Le président ATT, doit comprendre qu’il est entouré par beaucoup de faux amis et des opportunistes auxquels il doit faire attention. Ils font semblant de l’aider alors qu’ils ne pensent qu’à leurs seuls intérêts sordides et inavoués. Comme il aime tant faire référence à la sagesse populaire bamanan, cette même sagesse nous enseigne que : « ni i teri désèra ka tigna fo i ye, i djougou sara a ka fo i yè » (si ton ami ne peut pas te tenir un langage de vérité, paie ton ennemi pour qu’il te le dise).

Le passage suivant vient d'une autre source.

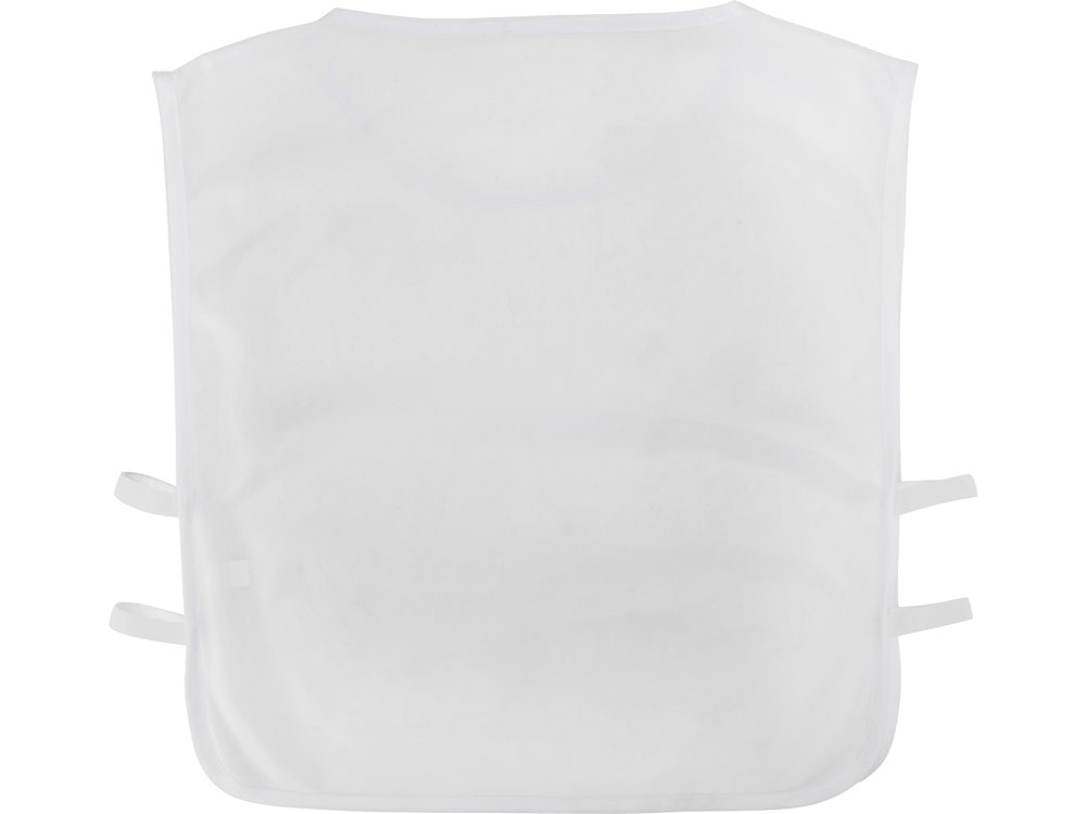 Универсальная спортивная манишка белого цвета. Боковые резинки обеспечивают удобство одевания и снятия. Материал манишки легко стирается и быстро сохнет.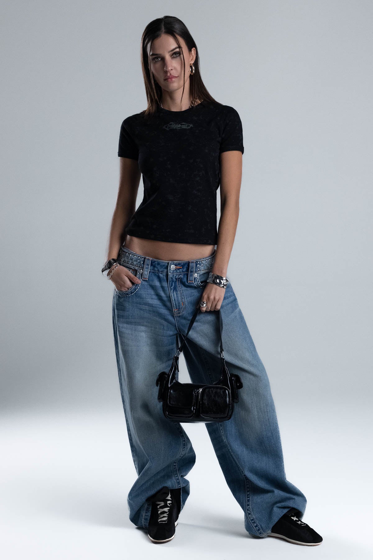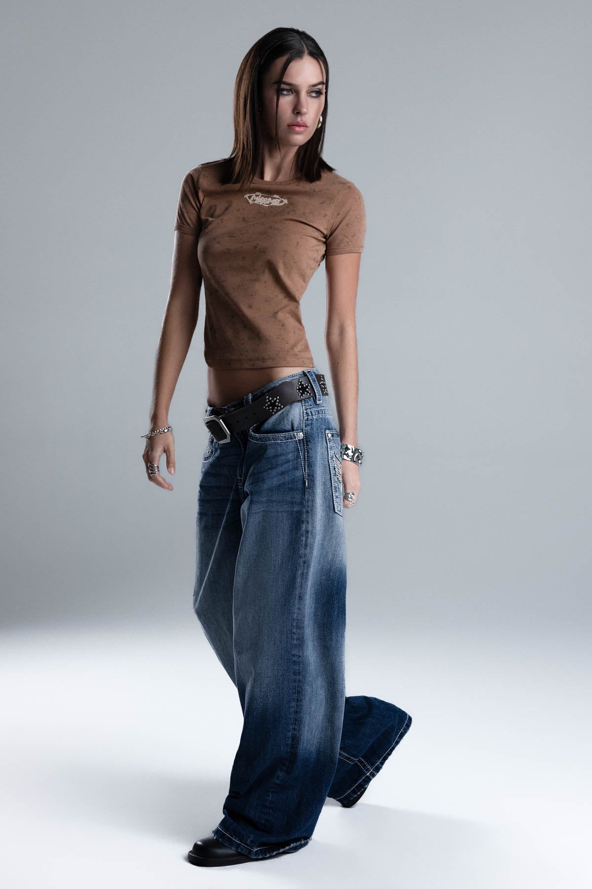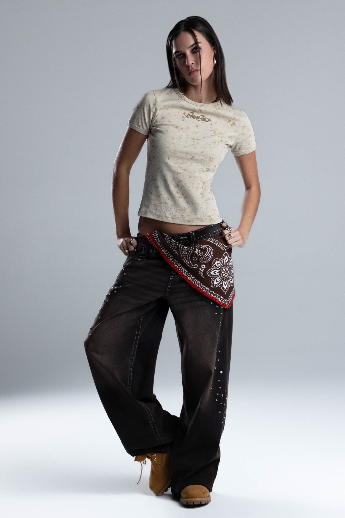Acid-washed graphic tee – Barbed wire-framed logo graphic – Classic crew neckline – Slim fit silhouette Style No. BMT0061S-BEIGE, BMT0061S-BLACK, BMT0061S-COCOA BRN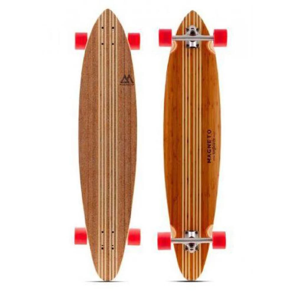 The classic pintail shape of this board makes it ideal for cruising around town in style. The deck is an 8 layer laminate with a hard maple core and a beautifully stained striped bamboo top and bottom.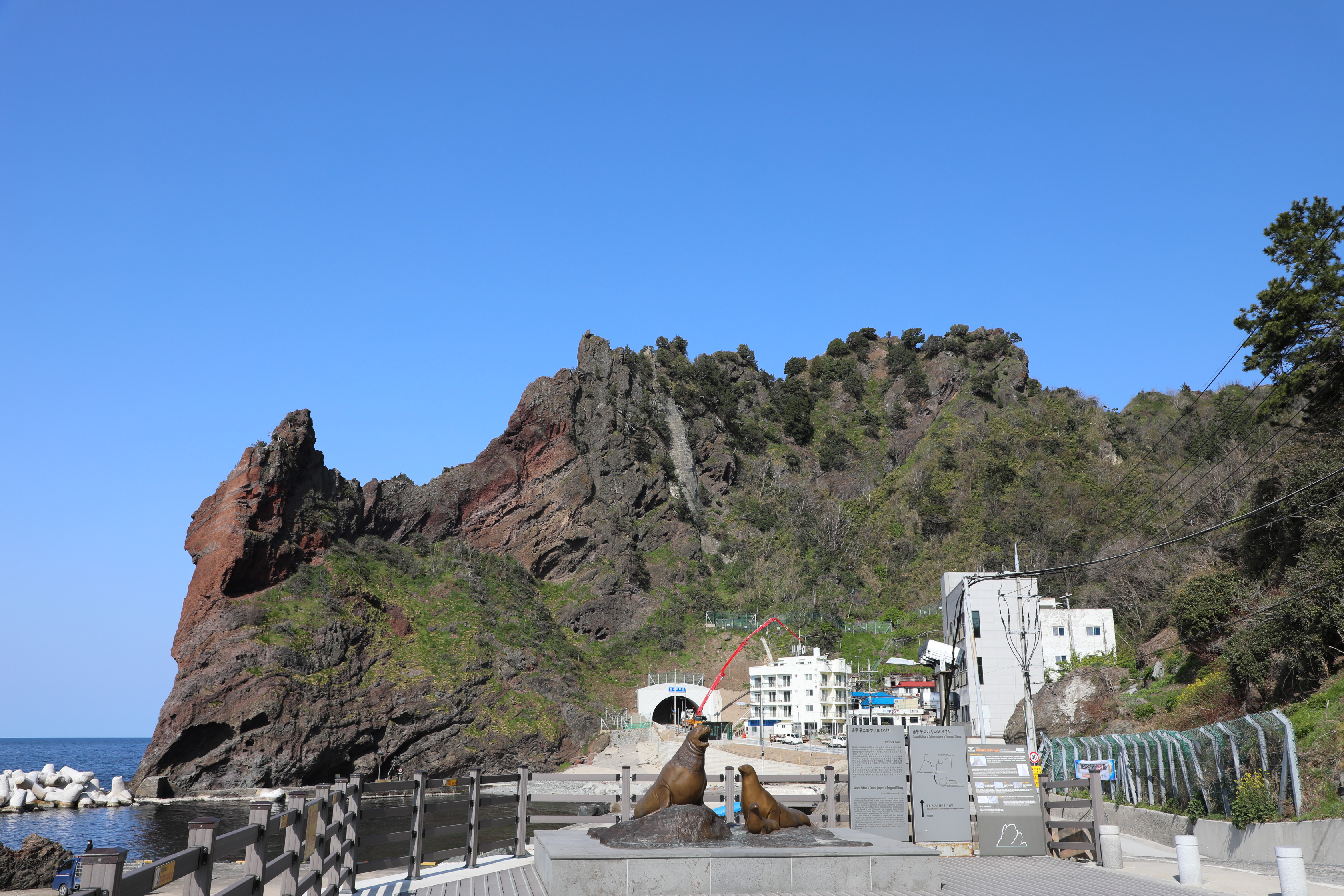 다시 돌아오기를 기원하는 강치 동상이 거북바위와 함께 보인다.

Le président de tous les Maliens que vous êtes, permettez-nous de vous citer cet illustre écrivain : « Avoir dans son entourage un homme libre de ses jugements est indispensable à tout pouvoir. Le chef qui n’a autour de lui que des griots et des courtisans pour le flatter et l’applaudir est solitaire : il a beau partir, il ne rencontre que lui-même et a beau parler, il n’entend que ses propres dires ».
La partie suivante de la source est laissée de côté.